RAID Failure Calculator (for 8x 2TB RAIDZ)

Discussion:

Matthew Angelo

2011-02-07 02:45:36 UTC

I require a new high capacity 8 disk zpool. The disks I will be
purchasing (Samsung or Hitachi) have an Error Rate (non-recoverable,
bits read) of 1 in 10^14 and will be 2TB. I'm staying clear of WD
because they have the new 2048b sectors which don't play nice with ZFS
at the moment.

My question is, how do I determine which of the following zpool and
vdev configuration I should run to maximize space whilst mitigating
rebuild failure risk?

1. 2x RAIDZ(3+1) vdev
2. 1x RAIDZ(7+1) vdev
3. 1x RAIDZ2(7+1) vdev

I just want to prove I shouldn't run a plain old RAID5 (RAIDZ) with 8x
2TB disks.

Cheers

Ian Collins

2011-02-07 04:18:01 UTC

Permalink

I assume 3 was 6+2.

A bigger issue than drive error rates is how long a new 2TB drive will
take to resilver if one dies. How long are you willing to run without
redundancy in your pool?

--
Ian.

Edward Ned Harvey

2011-02-07 04:48:20 UTC

Permalink

Post by Matthew Angelo
My question is, how do I determine which of the following zpool and
vdev configuration I should run to maximize space whilst mitigating
rebuild failure risk?
1. 2x RAIDZ(3+1) vdev
2. 1x RAIDZ(7+1) vdev
3. 1x RAIDZ2(6+2) vdev
I just want to prove I shouldn't run a plain old RAID5 (RAIDZ) with 8x
2TB disks.

(Corrected type-o, 6+2 for you).
Sounds like you made up your mind already. Nothing wrong with that. You
are apparently uncomfortable running with only 1 disk worth of redundancy.
There is nothing fundamentally wrong with the raidz1 configuration, but the
probability of failure is obviously higher.

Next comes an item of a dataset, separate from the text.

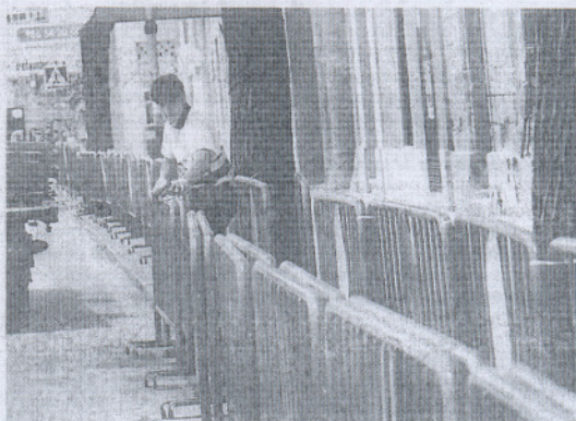
Operarios ultimaban ayer los preparativos para la motorada.

A la vez, el dispositivo está orientado a reducir la velocidad de los vehículos, en especial de las motos, tratar de reducir la contaminación acústica y canalizar la llegada de los motoristas hacia las bolsas de aparcamiento del Monasterio de la Victoria, Pozos Dulces, Plaza de Toros, Bajamar, y el parking del puente de San Alejandro, situado en la margen izquierda del río Guadalquivir y con una gran capacidad. Se dejan para la circulación de los vehículos las grandes avenidas que circundan el casco urbano y las calles Valdés y Larga, como recorrido natural de entrada y salida, aunque se han instalado resaltes y badenes

Question is how do you calculate the probability? Because if we're talking
abou 5e-21 versus 3e-19 then you probably don't care about the difference...
They're both essentially zero probability... Well... There's no good
answer to that.

With the cited probability of bit error rate, you're just representing the
probability of a bit error. You're not representing the probability of a
failed drive. And you're not representing the probability of a drive
failure within a specified time window. What you really care about is the
probability of two drives (or 3 drives) failing concurrently... In which
case, you need to model the probability of any one drive failing within a
specified time window. And even if you want to model that probability, in
reality it's not linear. The probability of a drive failing between 1yr and
1yr+3hrs is smaller than the probability of the drive failing between 3yr
and 3yr+3hrs. Because after 3yrs, the failure rate will be higher. So
after 3 yrs, the probability of multiple simultaneous failures is higher.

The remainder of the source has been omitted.